LAWS(MAD)-1996-10-55

KOTHANDAPANI PADAYACHI Vs. RANGANATHA PADAYACHI

Decided On October 15, 1996
KOTHANDAPANI PADAYACHI Appellant
V/S
RANGANATHA PADAYACHI Respondents

JUDGEMENT

(1.) THE plaintiff in O. S. No. 608 of 1977 on the file of District Munsif Court , cuddalore, who succeeded before trial court but lost before the learned first appellate Judge is the appellant in the above second appeal.

(2.) THE suit was filed for the specific performance of the agreement of sale dated 8. 10. 1977 marked as Ex.

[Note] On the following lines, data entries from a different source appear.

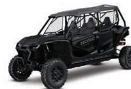
TALON 1000X-4 FOX Live Valve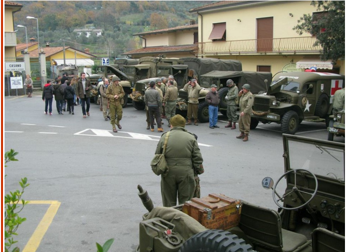
Reenactors staging to participate in the event.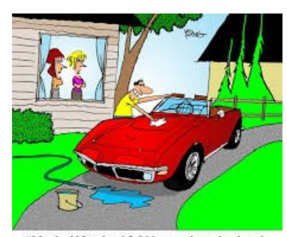
"Maybe if I gained 2,000 pounds and painted myself red, he'd actually spend some time with me."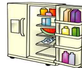
IN THE REFRIGERATOR.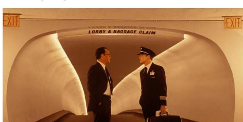
Anything set during the holiday season makes it a Christmas movie.

"Catch Me If You Can" should be on your watch list, even if it's only because of the amazing cast. Skilled forger and con man Frank ( Leonardo DiCaprio ) passes himself off as a doctor, lawyer, and finally a pilot. FBI agent Carl ( Tom Hanks ) becomes obsessed with tracking Frank down. You may be thinking, how is this a Christmas movie? It's set during Christmastime, and we believe any movie set during the holiday season is a Christmas movie!

A-1 (unregistered agreement of sale) said to have been executed by the first defendant and for a direction to the defendants to execute a sale deed in favour of the plaintiff and in default thereof, the court to execute the same and for future mesne profits.

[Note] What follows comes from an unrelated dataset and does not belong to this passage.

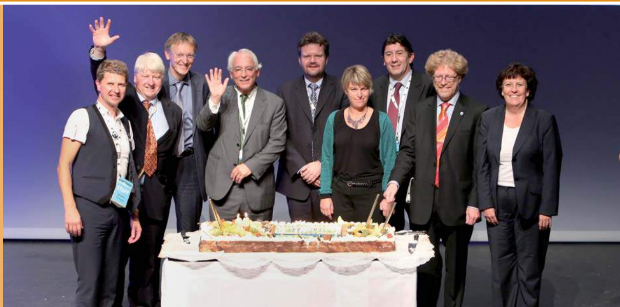
Opening Ceremony of EUROPARC 2012 with high profile guests.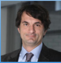
President SeENS Education Course

(3.) LEARNED counsel appearing for the appellant while elaborating the substantial questions of law formulated at the time of admission of the appeal, contended that the lower appellate court was not right in observing that the trial court has committed an error to accepting the plaintiff' ; s case by comparing the admitted signatures of the first defendant with the signatures found in Exs. A-1 and A-2 and that having regard to the provisions contained in sec. 73 of the Indian Evidence Act, learned trial Judge had ample powers to himself compare the disputed signature with the admitted signature and come to a conclusion on the genuineness of the signature found in the suit agreement. Reliance was also placed by learned counsel for the appellant on a decision reported in Narasimha Rao v. Someshwar Joshi, (1956)2 M. L. J. 299: A. I. R. 1957 mad. 210. That was a case where the signature disputed was in a promissory note and the trial court had adopted the process of comparing the same with the signature in the vakalat and the petitioner and those taken from the said person in court. It was held by this Court that the signature must be held to have been properly proved. It may be noticed even at this stage that the very learned Judge has chosen to administer a caution that even the opinion of a handwriting ex parte, standing by itself, is rarely conclusive on the question of disputed signature of a person and that the opinion formed by the court cannot be said to be conclusive, but at the same time, the learned Judge declined to interfere in that case, keeping in view, that he was sitting and exercising revisional jurisdiction and normally, the High Court sitting in revision should not interfere unless there is a patent error and clear failure of justice, as in a case where there in no evidence or no jurisdiction.